Work required — Below are some records. Retype exactly the lines from the one containing "2倍经验药水,使用后获得2倍" through the one containing "Dans la seconde", both included, skipping every picture.

Supplied data —
***

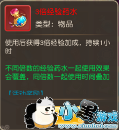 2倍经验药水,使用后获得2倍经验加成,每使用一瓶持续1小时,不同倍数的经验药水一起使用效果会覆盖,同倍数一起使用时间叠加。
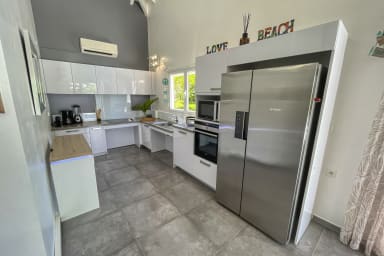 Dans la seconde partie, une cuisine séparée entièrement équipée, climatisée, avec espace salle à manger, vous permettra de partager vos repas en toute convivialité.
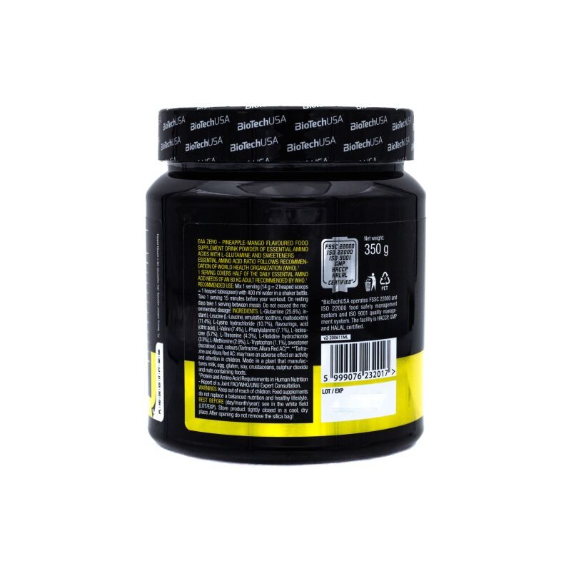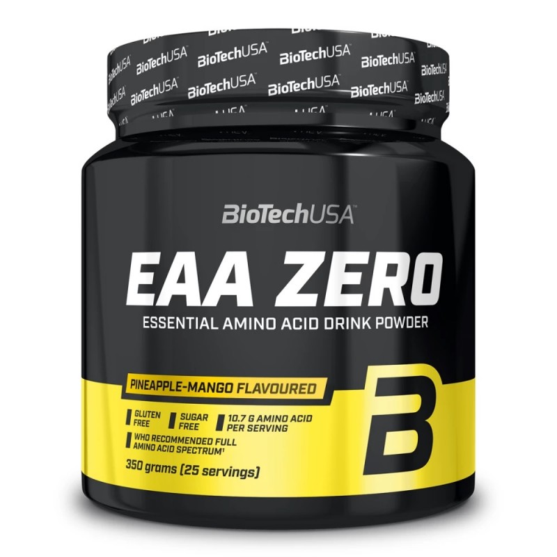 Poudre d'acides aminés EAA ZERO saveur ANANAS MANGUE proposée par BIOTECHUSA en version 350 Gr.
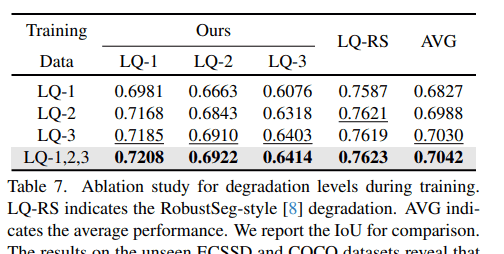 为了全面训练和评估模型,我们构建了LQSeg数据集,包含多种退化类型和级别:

***

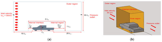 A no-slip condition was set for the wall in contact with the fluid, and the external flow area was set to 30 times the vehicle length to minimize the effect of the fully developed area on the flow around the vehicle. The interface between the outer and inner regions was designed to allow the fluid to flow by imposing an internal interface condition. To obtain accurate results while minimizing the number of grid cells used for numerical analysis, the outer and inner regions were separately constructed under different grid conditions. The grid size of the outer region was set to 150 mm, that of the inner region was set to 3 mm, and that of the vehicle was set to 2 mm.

***

Exercise response —
 2倍经验药水,使用后获得2倍经验加成,每使用一瓶持续1小时,不同倍数的经验药水一起使用效果会覆盖,同倍数一起使用时间叠加。
 Dans la seconde partie, une cuisine séparée entièrement équipée, climatisée, avec espace salle à manger, vous permettra de partager vos repas en toute convivialité.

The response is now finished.